--- Information given ---
=== Begin Enclosure ===
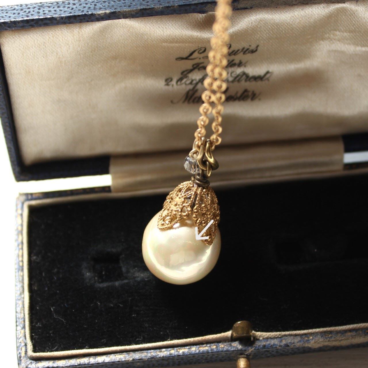 ※ ビーズキャップの尖った部分とガラスパール表面が当たるあたり、パールの表面が、スレたような目立たない細かいキズが、いくらかついています。(7枚目の画像)ルーペでチェックして見たものですので、お使いになる分にはほとんどわからないと思います。
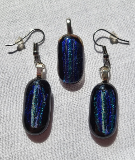 Komplet biżuterii szklanej składa sie z zawieszki i dwóch kolczyków. Szkło dichroiczne. Bigle kolczyków wykonane są ze stali chirurgicznej. Waga kolczyka ok. 4,5 g, długość 5 cm. Waga zawieszki 4 g, długość 3,5 cm.
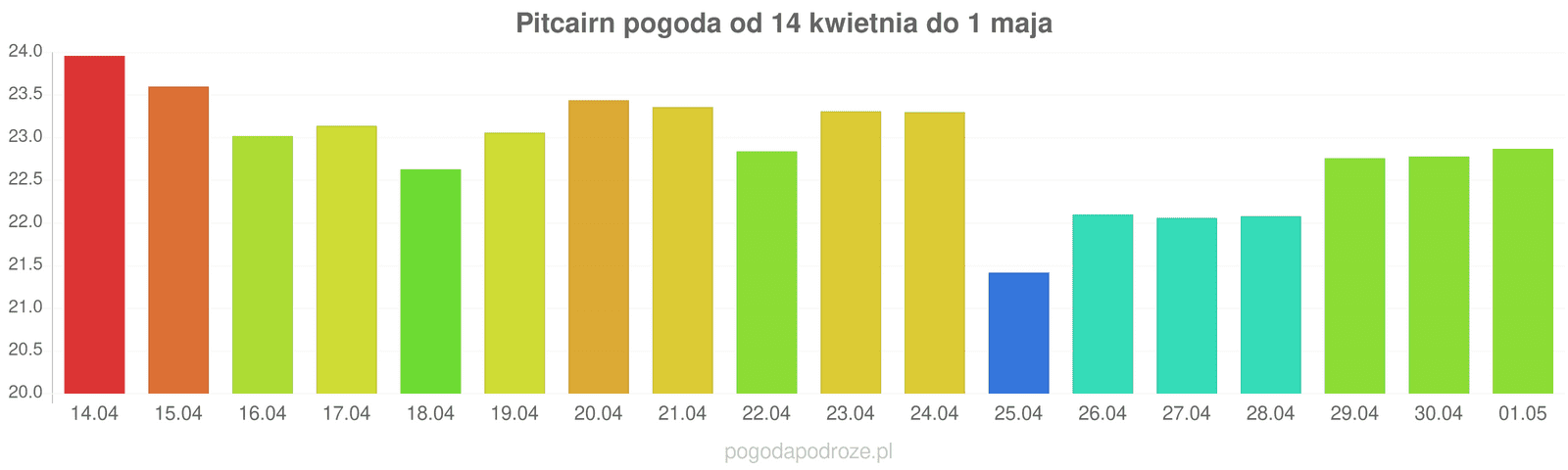 Według prognozy długoterminowej za tydzień w Pitcairn temperatura wzrośnie i będzie trochę cieplej, w ciągu dnia termometry bedą notowały około 23 stopnie.
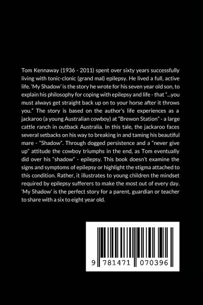 Tom Kennaway spent over 60 years successfully living with his tonic-clonic (grand mal) epilepsy. 'My Shadow' is the entertaining story he wrote for his son, to explain his philosophy for coping with epilepsy and life - that "...you must always get straight back up on to your horse after it throws you." Based on the author's own experience as a cowboy in the Australian outback, it draws a comparison between the mastering of epilepsy and the breaking in of a horse. This book doesn't examine the signs and symptoms of epilepsy or highlight the stigma attached to this condition. Rather, it illustrates the mindset required by epilepsy sufferers, to thrive and get the most out of every day. 'My Shadow' is the perfect story for a parent, guardian or teacher to share with a six to eight year old. Reader interest and understanding is further enhanced by the vibrant black and white illustrations that accompany the text.
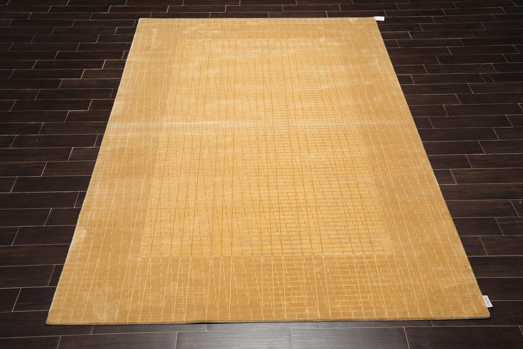 This is a beautiful Tan, Beige, Color Machine Made, Oriental Wool and Bamboo Silk Rug.
=== End Enclosure ===
--- Directions ---
Print the listing verbatim; no pictures.

--- Response below ---
 ※ ビーズキャップの尖った部分とガラスパール表面が当たるあたり、パールの表面が、スレたような目立たない細かいキズが、いくらかついています。(7枚目の画像)ルーペでチェックして見たものですので、お使いになる分にはほとんどわからないと思います。
 Komplet biżuterii szklanej składa sie z zawieszki i dwóch kolczyków. Szkło dichroiczne. Bigle kolczyków wykonane są ze stali chirurgicznej. Waga kolczyka ok. 4,5 g, długość 5 cm. Waga zawieszki 4 g, długość 3,5 cm.
 Według prognozy długoterminowej za tydzień w Pitcairn temperatura wzrośnie i będzie trochę cieplej, w ciągu dnia termometry bedą notowały około 23 stopnie.
 Tom Kennaway spent over 60 years successfully living with his tonic-clonic (grand mal) epilepsy. 'My Shadow' is the entertaining story he wrote for his son, to explain his philosophy for coping with epilepsy and life - that "...you must always get straight back up on to your horse after it throws you." Based on the author's own experience as a cowboy in the Australian outback, it draws a comparison between the mastering of epilepsy and the breaking in of a horse. This book doesn't examine the signs and symptoms of epilepsy or highlight the stigma attached to this condition. Rather, it illustrates the mindset required by epilepsy sufferers, to thrive and get the most out of every day. 'My Shadow' is the perfect story for a parent, guardian or teacher to share with a six to eight year old. Reader interest and understanding is further enhanced by the vibrant black and white illustrations that accompany the text.
 This is a beautiful Tan, Beige, Color Machine Made, Oriental Wool and Bamboo Silk Rug.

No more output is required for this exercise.